# Going out to a Bar



## Fuzzy Logic (Sep 16, 2009)

Yeah, so I posted this in an update to my other thread but no one seems to have noticed... Anyway, the society I joined at uni is going out to bar as a group next Wednesday as a way of getting to know each other. I'm pretty nervous because I have never really gone to a place like that before. I haven't gone out at night in years.

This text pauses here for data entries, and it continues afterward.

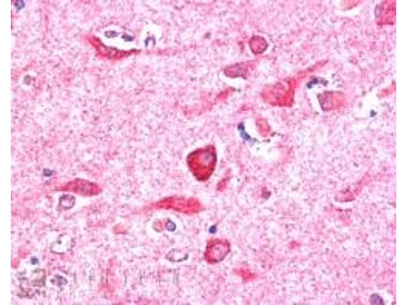 Immunohistochemistry: In paraffin embedded Human Cerebral Cortex shows strong staining of cytoplasm in several neuronal cells. Recommended concentration, 5-10 μg/mL.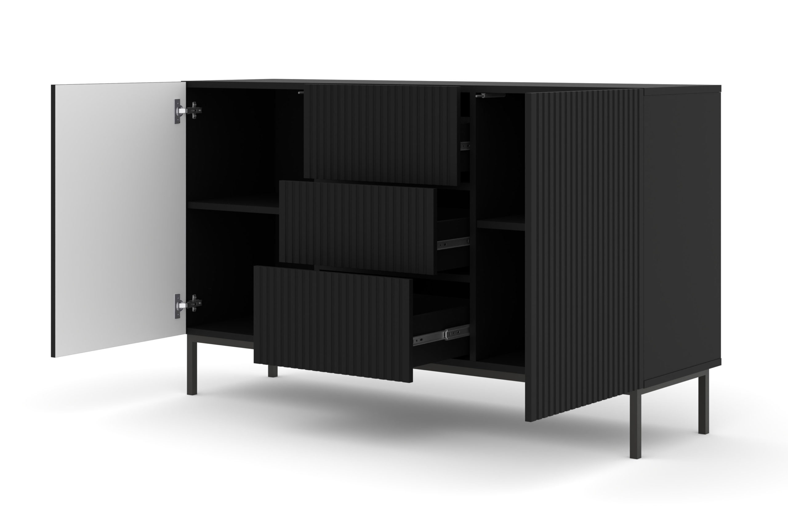 Komoda RAVENNA B 150 cm 2D3S czarny mat czarna rama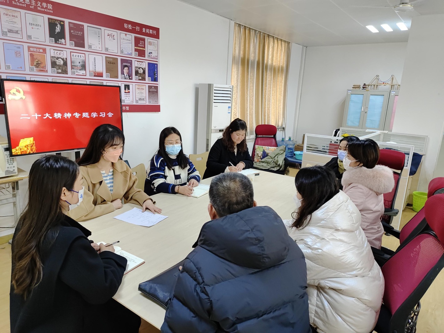 为了进一步学习贯彻党的二十大精神,2023年2月24日上午,《思想道德与法治》教研室在博远楼2401-A开展党的二十大精神专题学习会。德法教研室主任沈永真、冯小卫、陈欢等多位党员教师参加此次会议。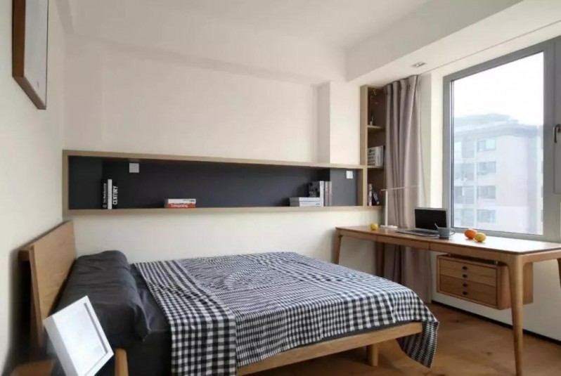 次卧延续简约的布置,在墙面做了壁龛的设计,可以摆放一些物品,还在床尾摆放了一张书桌,方便学习工作,实用和颜值兼具。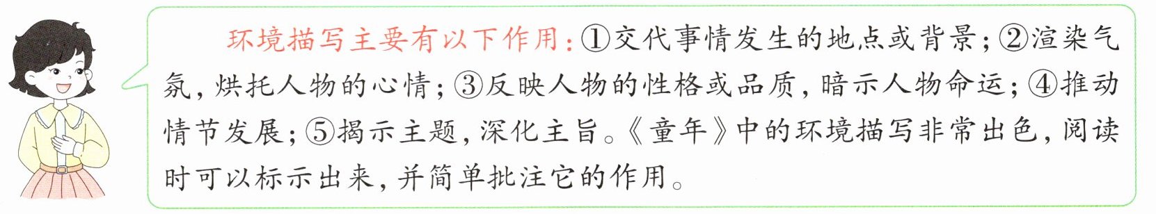 4细腻的环境描写是《童年》这部自传体小说的精妙之处, 品读下面这个片段中描写环境的文字,体会环境描写的作用。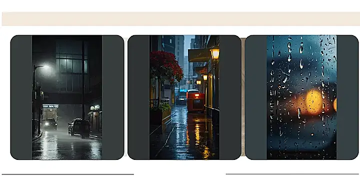 This picture is like a cozy rainy day scene straight out of a movie! Imagine snuggling up inside with a hot chocolate, watching the rain patter against the window, while a warm streetlight glows in the distance. It’s the perfect rainy day wallpaper because it’s calming and makes you feel all warm and fuzzy inside, even though it’s pouring outside. You can almost smell the petrichor – that fresh, earthy scent after the rain!
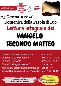 Per questa occasione l’Ufficio Catechistico – Sezione Apostolato biblico propone la lettura integrale del Vangelo secondo Matteo in alcune chiese della Diocesi.
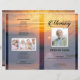 Modèle de programme de funérailles beau et professionnel avec coucher de soleil, facile à éditer et à imprimer.

Anyway, a question; do I need to wear anything particular or can I just wear whatever?


----------



## 2Talkative (Nov 1, 2007)

Depends on the place but if they didn't say you need proper attire then I would say you can where whatever. Just don't show up in your undies and you sohuld be ok.


----------



## bsd3355 (Nov 30, 2005)

Wear w/e it is you want to wear. It doesn’t matter. Most people dress up a little bit, but I wouldn't over do it. If anything, the women are the ones who go all out most of the time.


----------



## matty (Nov 2, 2009)

May be different from where I live. But most people wear jeans and tshirts. Thats to clubs and pubs any night of the week. 
If it is a little upper class, I guess you pull out a decent polo or long sleeved shirt. Guess we are pretty casual
Have a good night.


----------



## Fuzzy Logic (Sep 16, 2009)

Uh, I just read my email and found out it is tonight and not Wendesday. I'll get something to eat before heading over there. Better check the train times to make sure I can get home if I drink anything...


----------



## matty (Nov 2, 2009)

Hope your having an awesome night. :boogie:boogie


----------



## Fuzzy Logic (Sep 16, 2009)

I missed it! When I arrived the bar was closed and I just assumed the email I got was incorrect and it was actually Wednesday as had been mentioned arlier, but it turns out it was on Tuesday the other people had already headed down to a different place because the other one was closed. Damn it, I'm so bummed out about this.


----------



## matty (Nov 2, 2009)

Aww man, that sucks. always next time


----------